JAKARTA, GRESNEWS.COM - Penanganan kasus vaksin palsu menuai sorotan tajam dari berbagai kalangan. Bahkan kabar terakhir sampai terjadi pemukulan pada direktur RS Elizabeth, Kemang Pratama, Kota Bekasi oleh orang tua pasien yang menuntut pertanggungjawaban soal vaksin palsu.

Anggota Komisi IX DPR Saleh Partaonan Daulay menilai kinerja Satgas dalam mengungkap kasus vaksin palsu dinilai lamban. Akibatnya masyarakat menjadi resah dengan peredaran vaksin palsu yang beredar di 14 Rumah Sakit seperti yang diumumkan oleh Menteri Kesehatan.

"Ini akibat Satgas enggak jalankan yang direkomendasikan Komisi IX DPR RI dalam rapat. Kami menyarankan, agar satgas langsung turun ke RS atau fasilitas kesehatan yang telah diumumkan," kata Saleh dalam sebuah diskusi, Sabtu (16/7).

Saleh menyatakan dalam rapat bersama Komisi IX yang membidangi kesehatan, telah merekomendasikan agar satgas juga mampu memberikan penjelasan kepada pihak korban. Dia melihat tim penanganannya masih sangat lemah dalam koordinasi antar instansi. Seharusnya di setiap rumah sakit sudah ditempatkan tim baik dari kepolisian, dokternya dan pihak ahli medis yang bisa memberikan penjelasan secara medis.
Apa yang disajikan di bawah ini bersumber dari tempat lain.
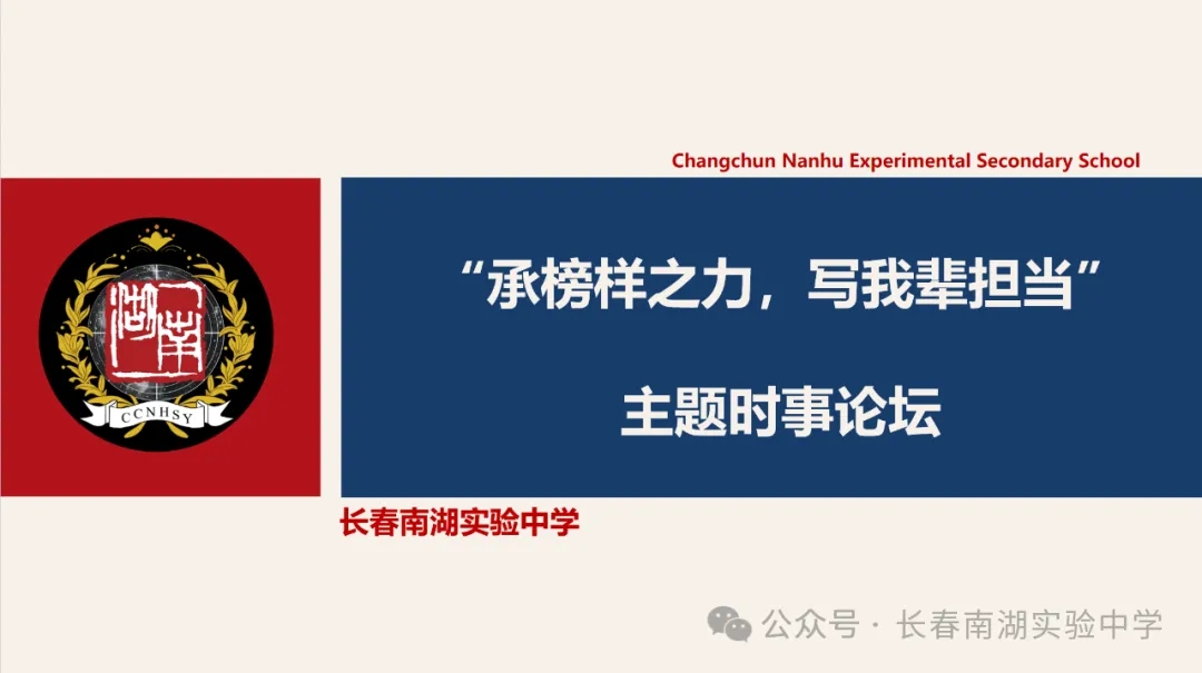为培养南湖学子的国际视野和爱国情怀,铭记历史所赋予的责任和使命,做一名以民族复兴为己任、奋发向上、心怀天下的创新接班人,长春南湖实验中学隆重推出“时事论坛”活动。
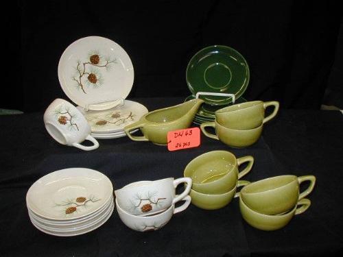 FRENCH SAXON inALOHAin INCLUDES, (6) SAUCERS EXCELLENT, (1) MEDIUM GREEN CREAMER (W/SPOUT NICKS), (6) MEDIUM GREEN CUPS (CRAZING), FRENCH SAXON inPINE CONEin (4) 7 1/8in PLATES ( 1 W/EDGE NICK), (6) SAUCERS, (3) CUPS, 26 PCS.
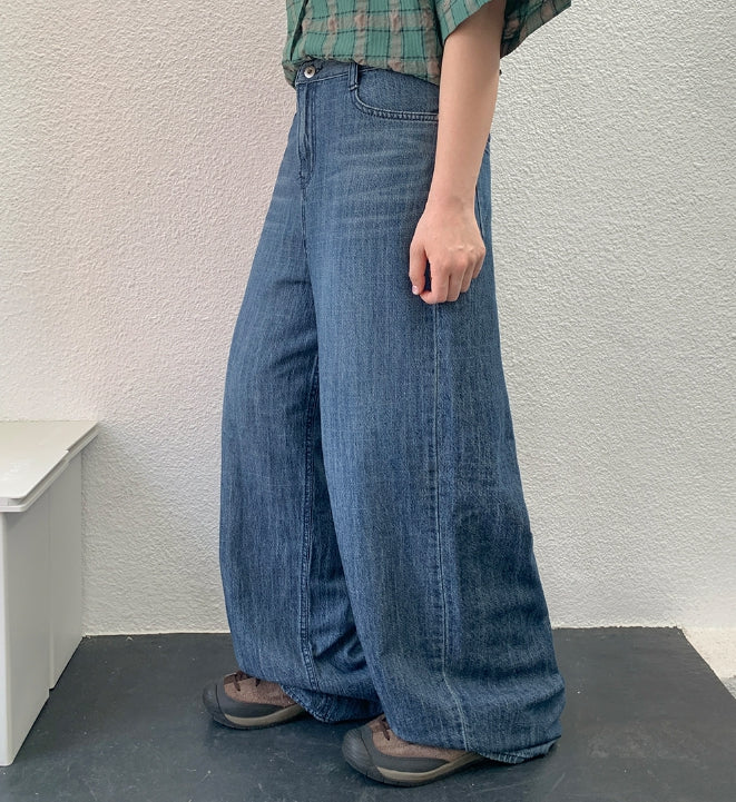 マイティサマーキャットウォッシュ加工ワイドデニムパンツ
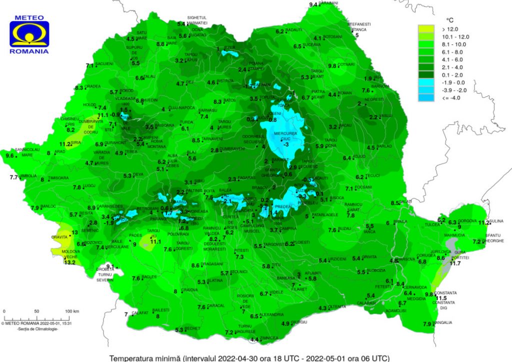 Luni, 2 mai 2022, vremea potrivit ANM, va fi în continuare frumoasă, cu temperaturi apropiate de normalul acestei perioade.
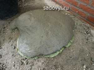 - Поверхность садовой скульптуры выравнивается при помощи раствора.
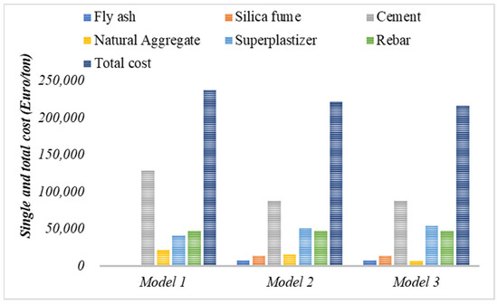 For the purpose of coordinating and using the cost analysis approach, several rules and regulations have recently been developed [30]. Still, there is no specific approach for figuring out expenses in the construction field. But it only provides a financial view of a product’s life cycle, while the life cycle provides ecological details on emissions that contribute to climate change and pollution. However, to complete the cost analysis and provide a basis for the calculations, the viewpoint integrated by one or more of the stakeholders participating in the product life cycle must be fixed. In our work, the cost of recycled coarse aggregate (no transportation) was produced in our laboratory, and the cost was 0.004 euro/kg. Meanwhile, cement, coarse/fine aggregate, fly ash, silica fume, superplasticizer, and rebar were 0.2 euro/kg, 0.01 Euro/kg, 0.172 Euro/kg, 0.06 Euro/kg, 5.25 Euro/kg, and 0.22 Euro/kg, respectively. The international wholesale price (https://Alibaba.com) and applicable transportation expenses are the basis for all materials used. According to the suppliers, the total cost of each concrete mixture (excluding transportation expenses) was calculated by combining the prices of each component required to manufacture one cubic meter of concrete. Additionally, the transportation cost was 6.3 Euro/20 km.
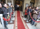 Вечер начался у главного входа в театр. Актеры подъезжали в белом лимузине, потом заходили внутрь по красной ковровой дорожке.
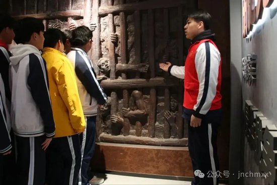 新华院作为侵华日军在济南建立的法西斯集中营,是3.5万中国抗日军民的血色牢笼,见证了抗日战争期间日军的残暴罪行,也铭刻着中华儿女不屈不挠的抗争精神。活动当天,身着红色志愿马甲的讲解员们早早到位,他们以“实物+故事”的讲解模式为同学们带来生动呈现。
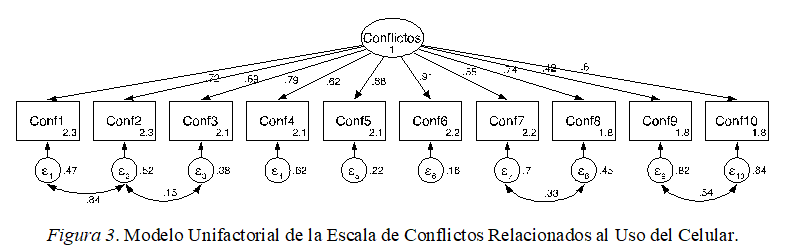 Utilizamos la misma estrategia de análisis para obtener las propiedades psicométricas de este instrumento. Los resultados mostraron una estructura unifactorial que explica el 55.67% de la varianza de los datos. Las cargas factoriales de los ítems superan el .52. Las pruebas de Kaiser-Meyer-Olkin (KMO = .87) y de Bartlett (χ2 = 1841.500 (45), p < .000) apoyaron la adecuacidad de los datos de muestreo para el análisis. Los índices de discriminación de los 10 ítems oscilaron entre .46 y .85, superando el valor mínimo recomendado por Kline (2005). A su vez, los resultados demostraron que la escala tiene una adecuada consistencia interna (α = .91). Por último, realizamos un CFA con ecuaciones estructurales utilizando el método de estimación de máxima verosimilitud con las correcciones de Satorra y Bentler (2001). Los resultados arrojaron un buen ajuste para el modelo con las correspondientes liberaciones entre errores (Byrne, 2010), χ2 = 88.02 (31) p < .001, RMSEA = .08, CFI = .97, TLI = .96, χ2 corregido = 72.87 (31) p < .001, RMSEA corregido = .07, CFI corregido = .97, TLI corregido = .96 (véase Figura 3). En la Tabla 1 se presentan las cargas factoriales de los EFA, los índices de discriminación de cada ítem, los coeficientes de regresión de los CFA y el Alfa de Cronbach de los instrumentos evaluados.
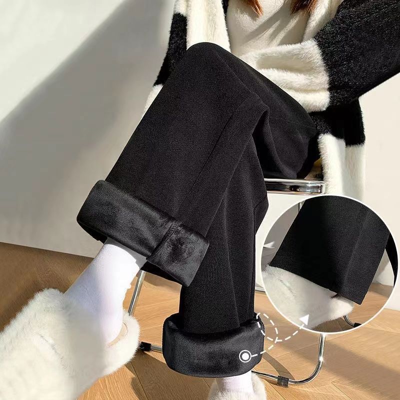 가을과 겨울을위한 여성용 넓은 다리 바지 기모 두꺼운 느슨한 캐주얼 스트레이트 팬츠 슬림 커버 착용 방지 코듀로이
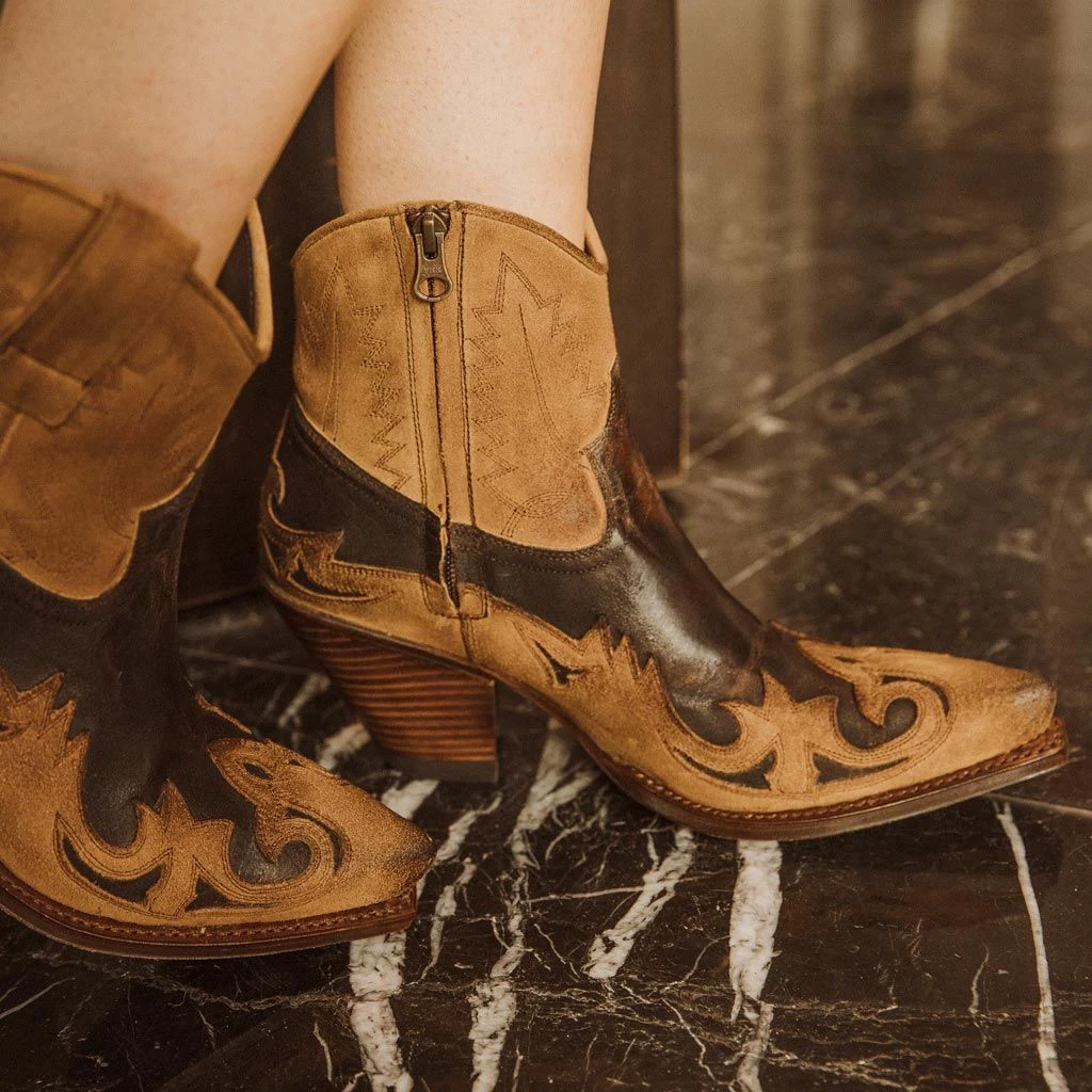 Botín de colores amarillo y marrón, con bordados a lo largo de todo el botín. Tacón de 7,5 centímetros semicubano para realzar tu belleza.
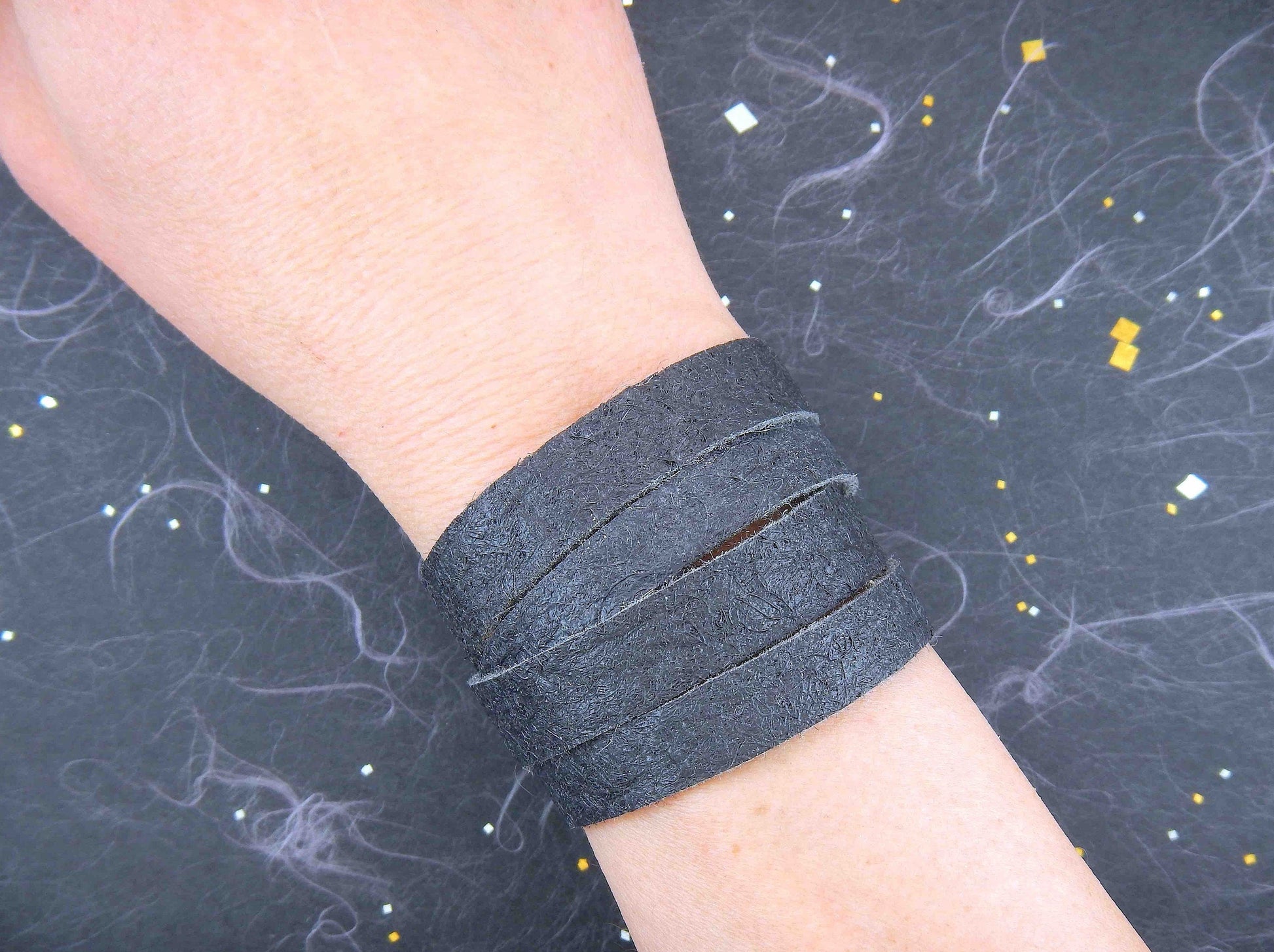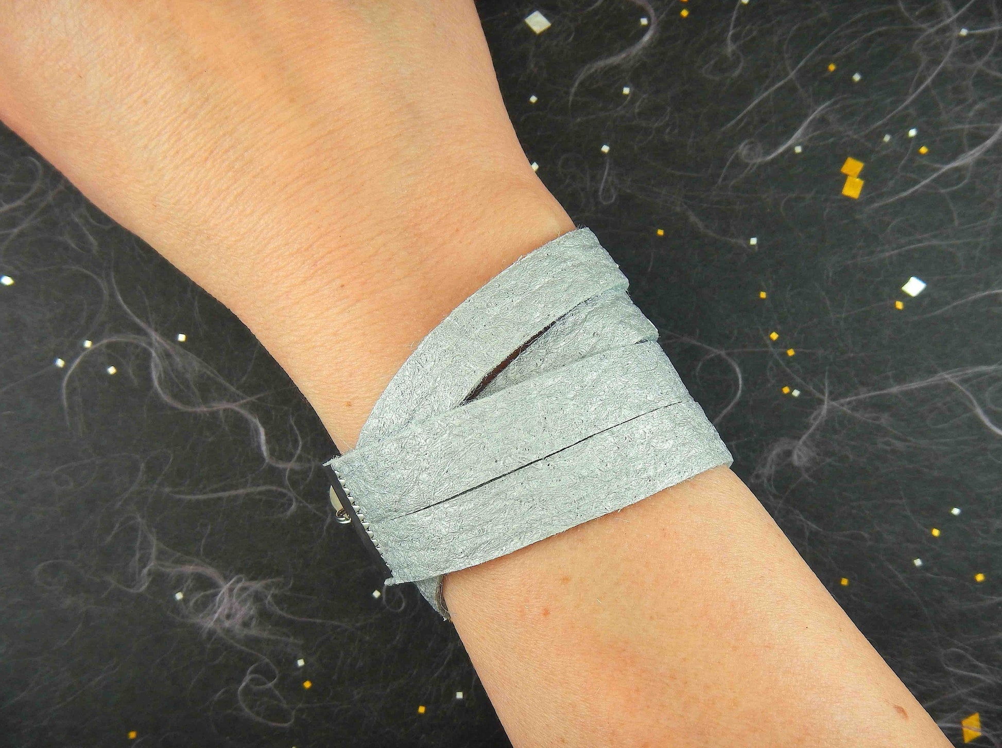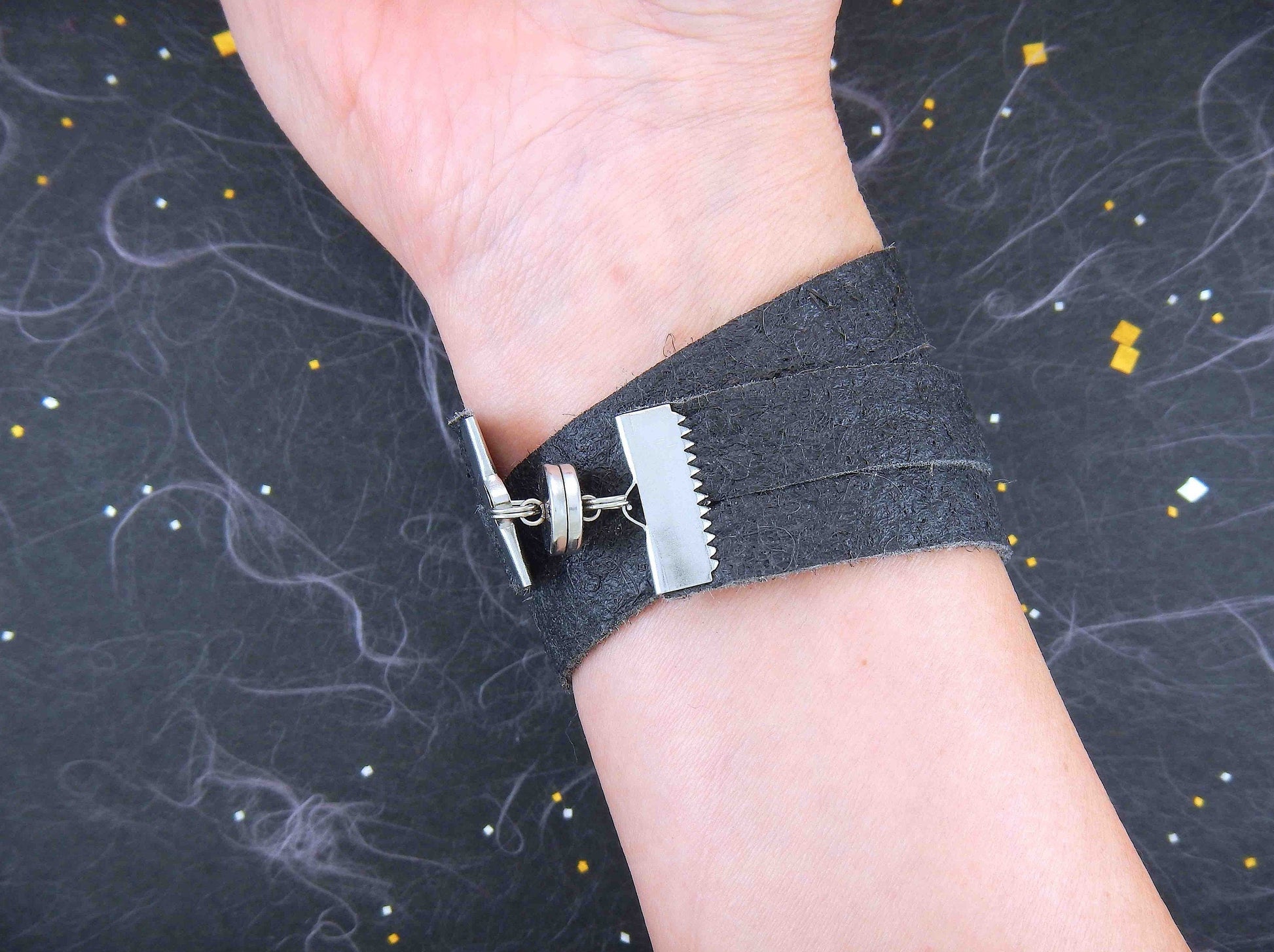 20mm wrap bracelet made of Piñatex (vegan leather) in 9 colours (black, gray, silver, white, blue, mulberry, brown, gold), magnetic stainless steel clasp

"Jadi kalau masyarakat butuh penjelasan soal medis sudah ada orangnya. Kalau butuh penjelasan soal penegakan hukum sudah ada polisi," ujar Saleh.

Ketua Yayasan Pemberdayaan Konsumen Kesehatan Indonesia (YPKKI) Marius Widjajarta juga menyayangkan pernyataan pemerintah yang mengatakan tidak ada efek dari vaksin palsu. Menurutnya, untuk menentukan ada tidaknya efek samping dari vaksin bukan dokter anak tetapi dokter farmakolog.

"Secara alamiah yang menyatakan aman atau tidak itu dokter farmakolog bukan dokter anak," katanya.

Selain itu, dia menyayangkan satgas yang dibentuk menangani vaksin palsu itu tidak melibatkan ahli dokter farmakolog. "Satgas tidak ada itu dokter farmakolog. Kita katanya harus saintific," ujarnya.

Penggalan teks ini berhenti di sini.